According to the simulation results in Case 1, 2, and 3, we verified that the proposed method surely kept the safe distance and the original property of the frequency response to the external forces. However, it must be noted that the design of the parameter \(\gamma \) is crucial. When the mass m or viscosity \(\eta \) in the robot model gets smaller, the peak frequency of the original system is increase. It requires a larger lower limit of \(\gamma \).

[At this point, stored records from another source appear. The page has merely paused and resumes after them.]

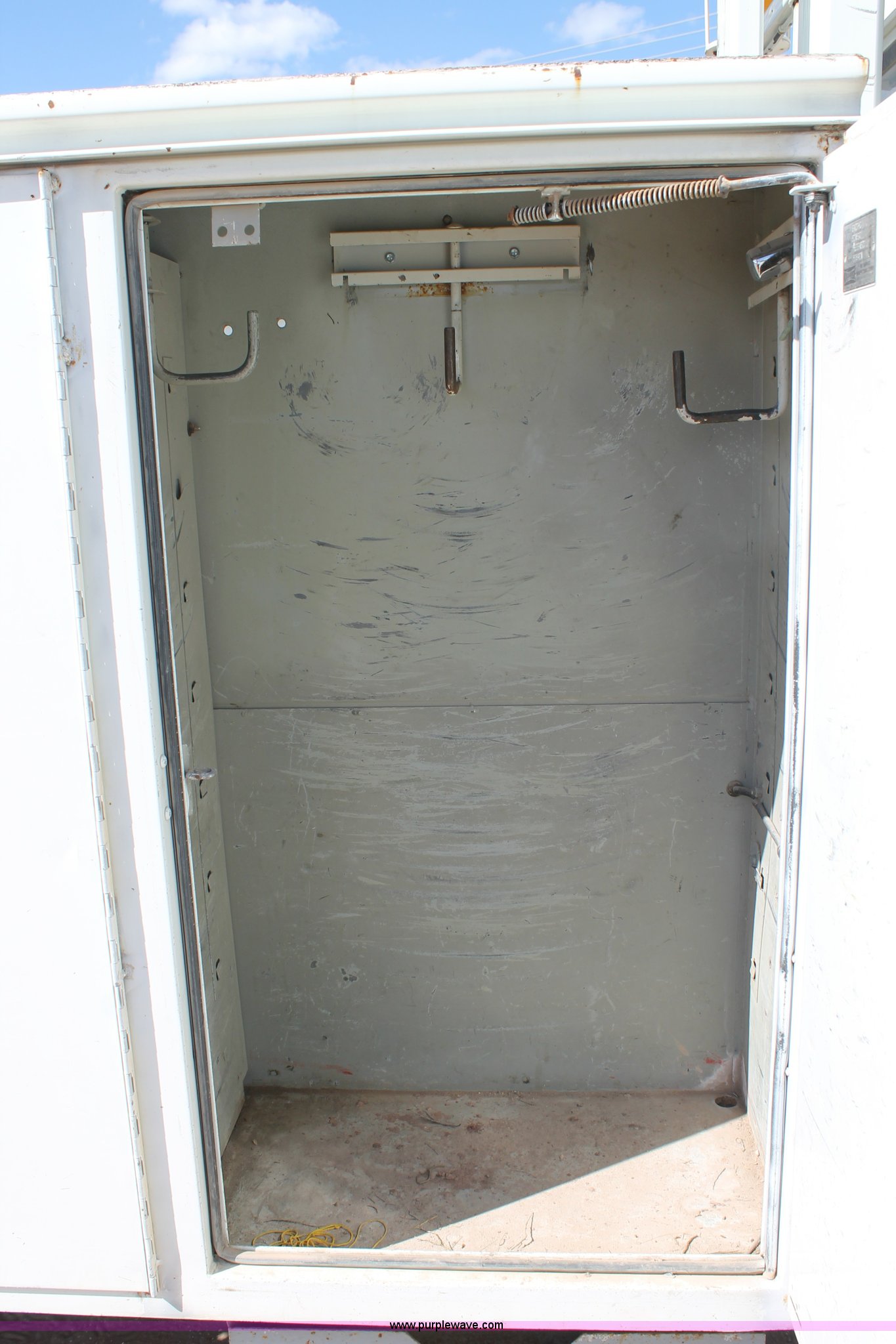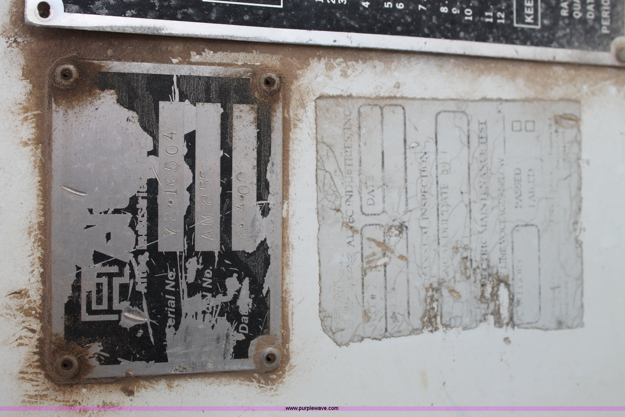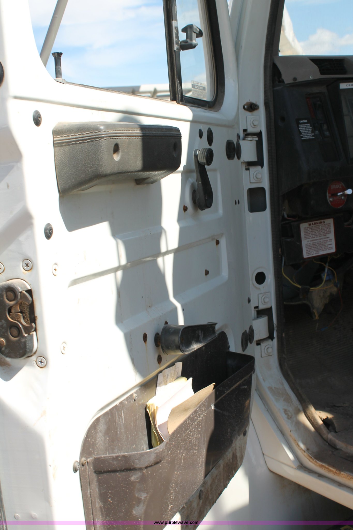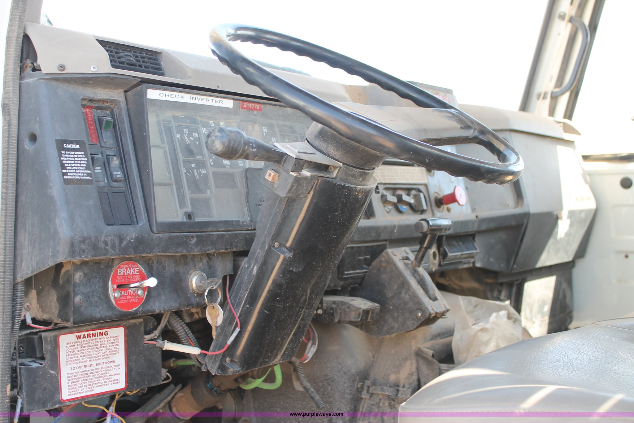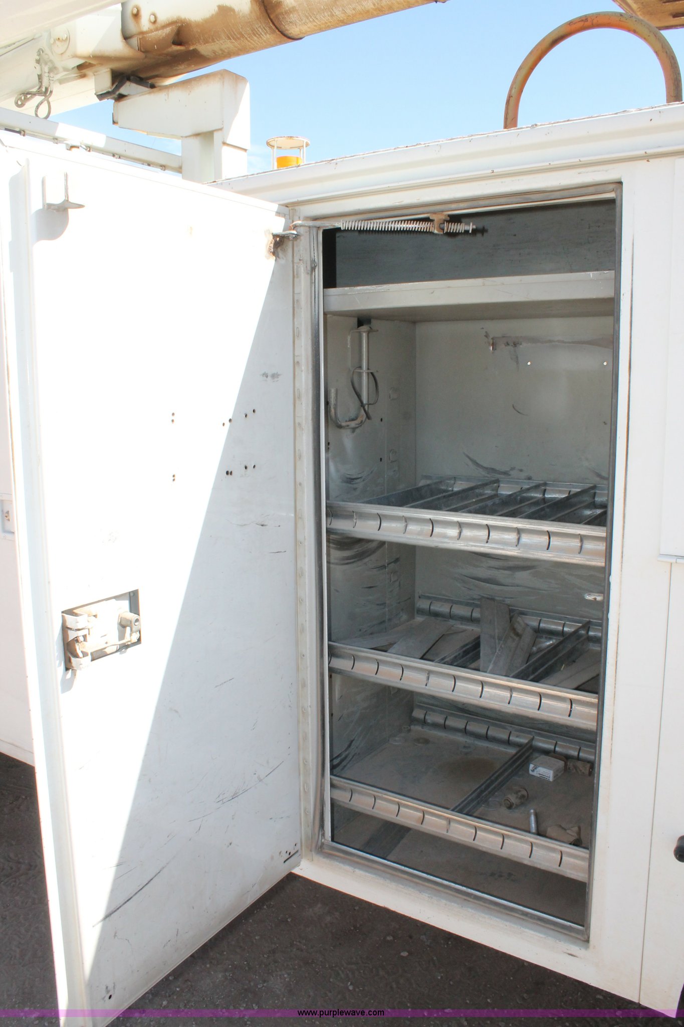 Purple Wave is selling a used Bucket Truck in Texas. This item is a 2001 International 4700 bucket truck with the following: 89,658 miles on odometer, International DT466E 7.6L L6 turbo diesel engine, Automatic transmission, AC and heat, AM/FM/cassette, Suspension seat, Service bed, Shelving, Slide-out drawers, Utility rack, Compartment lights, Enclosed body, Altec AM855 boom, 55'L boom, (4) outriggers, 350 lbs per ft. max lift capacity, Double man basket, 55' max lift height, Ground and platform controls, Material handler, Pole guide, Remote control, Articulating insulated boom, Serial 0600BB2097,, Pintle hitch, Trailer wiring, PTO, Spring suspension, Air brakes, 188" wheelbase, 11R22.5 tires, GVWR 33,000 lbs, Unit# 313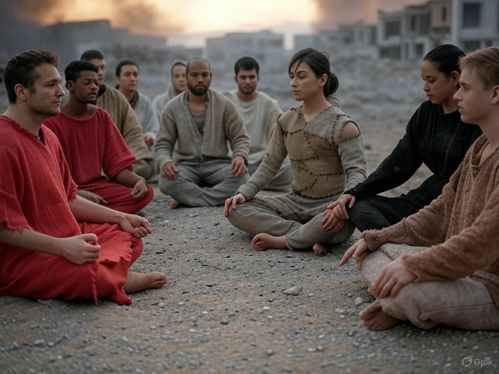 The circle glowed—rubble stilled—war’s clash hissed cold—wild’s hum weakened, but Xenon’s cry surged, threading through—the crew sat firm with Lumens in the warworn hub, meditating on love and peace, duality as the loving embrace of opposites weaving fierce against the pulse of Xenon’s strife.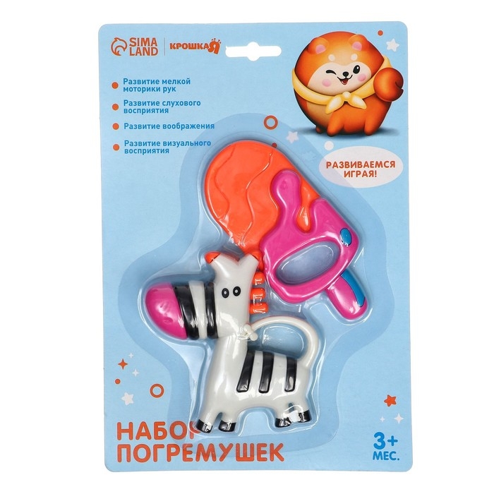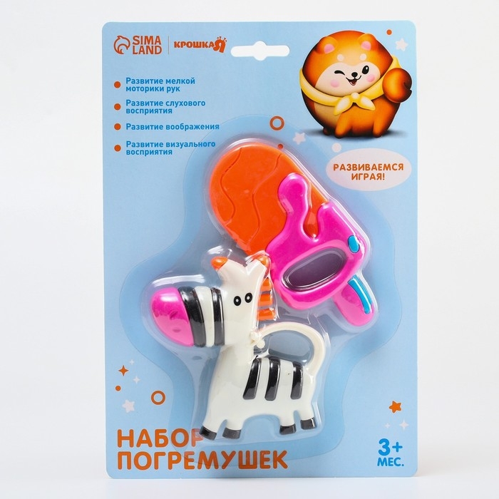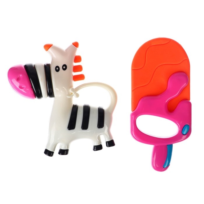 Набор погремушек - прорезывателей «Зебра и Эскимо», 2 шт, Крошка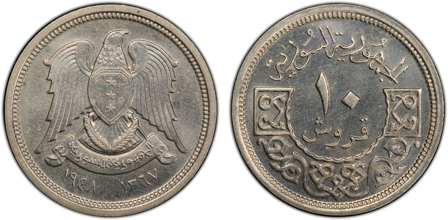 SYRIA: Republic, 10 piastres, 1948/AH1367, PCGS Specimen 67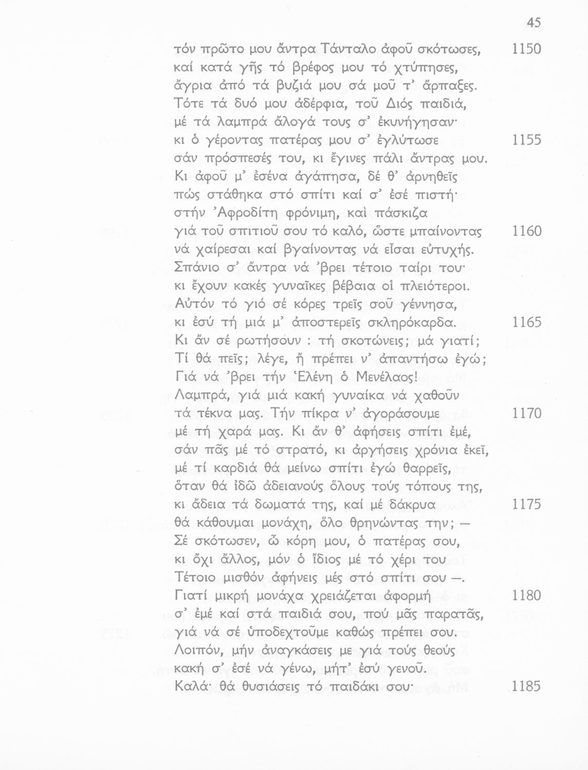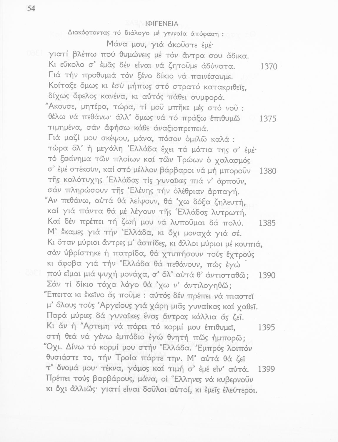 Βαθμίδα εκπαίδευσης: Δευτεροβάθμια Τάξη: Γ' Γυμνασίου Μάθημα: Αρχαία Ελληνικά Γλώσσα: Δημοτική Παρουσίαση περιεχομένου: Σχολικό εγχειρίδιο Αρχαίων Ελληνικών Γ΄ Γυμνασίου που περιλαμβάνει αποσπάσματα από την τραγωδία του Ευριπίδη Ιφιγένεια η εν Αυλίδι σε μετάφραση και επεξηγηματικά σημειώματα. |
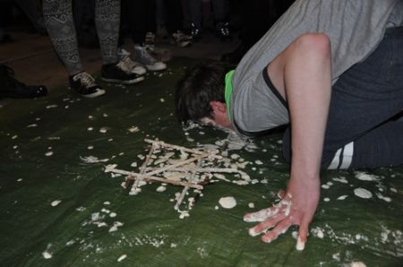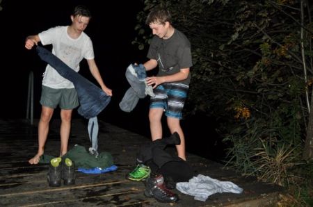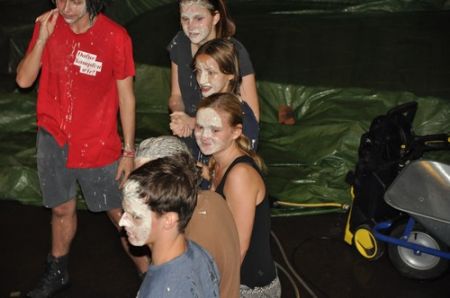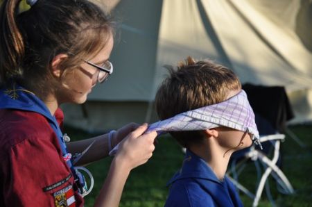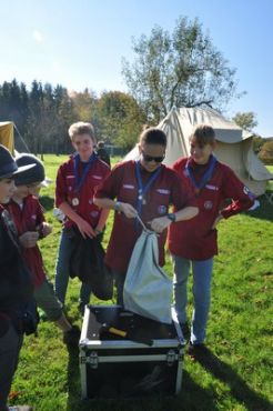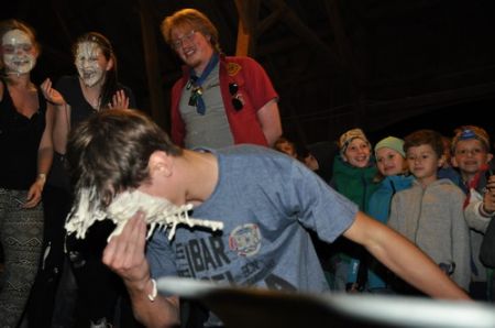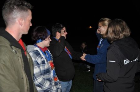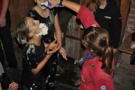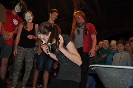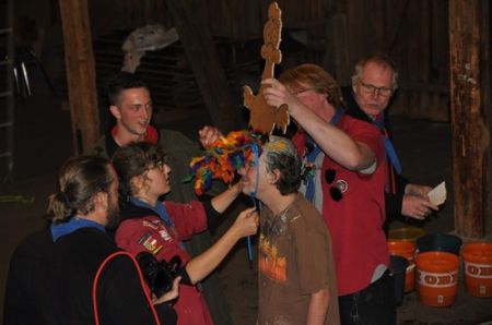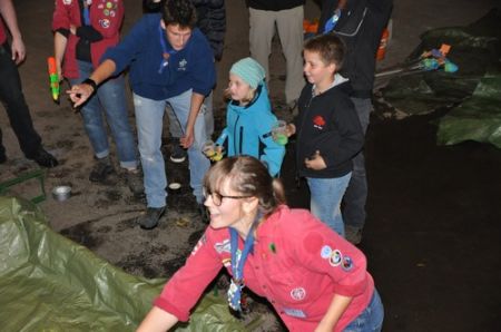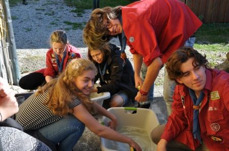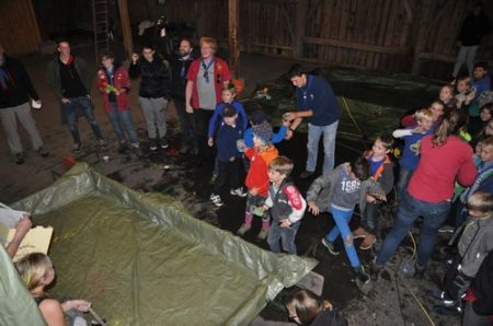 Nach einem ruhigen und entspannenden Lagerfeuer mit einigen neuen Liedern, die Armin uns beibrachte, begann auch schon die RaRo-Überstellung. Die Anwärter mussten alle zuvor absolvierten Altersstufen in Form von Aufgaben bewältigen. Zunächst galt es einen Biberdamm aufzubauen. Danach wurde das Wecklied der WiWö mit vollem Körpereinsatz nachgestellt. Bei der GuSp-Station wurden sie wie ihre Teller gewaschen und um die CaEx-Station zu meistern wurden die Anwärter in Kekse verwandelt.

When the control period \(T_c\) is larger, upper limit of the \(\gamma \) decreases to avoid vibration and guarantee collision-freeness. The range of feasible \(\gamma \) depends the parameters of the robot model. We need to pay attention to design \(\gamma \) to achieve both collision-freeness and deformability.

5 Conclusions

In this study, we implemented the CBF to a robotic swarm that is composed of autonomous mobile robots. Although CBF theoretically guarantees collision-freeness, it can limit the motion of the robots. This reduces the deformability of the entire shape of the swarm. Deformability is quite important for adaptive behaviors in obstacle regions. By analyzing the response of the original system and the CBF system, we can obtain a feasible range of a parameter that facilitate the retention of the original deformability while guaranteeing safe distance. Through verifications by the simulations, we believe that the results contribute to the designing of appropriate constraints in swarm models.

In future, we will investigate the influence of inequality constraints, such as CBF, on the swarm in the performance of actual tasks. When the robots are dense (distances among robots are small), the CBF constraints for collision avoidance become more severe. In such a case, the decentralized constraints in this paper do not guarantee the existence of a quadratic programming solution. It is necessary to modify the method to decentralize the CBF constraints.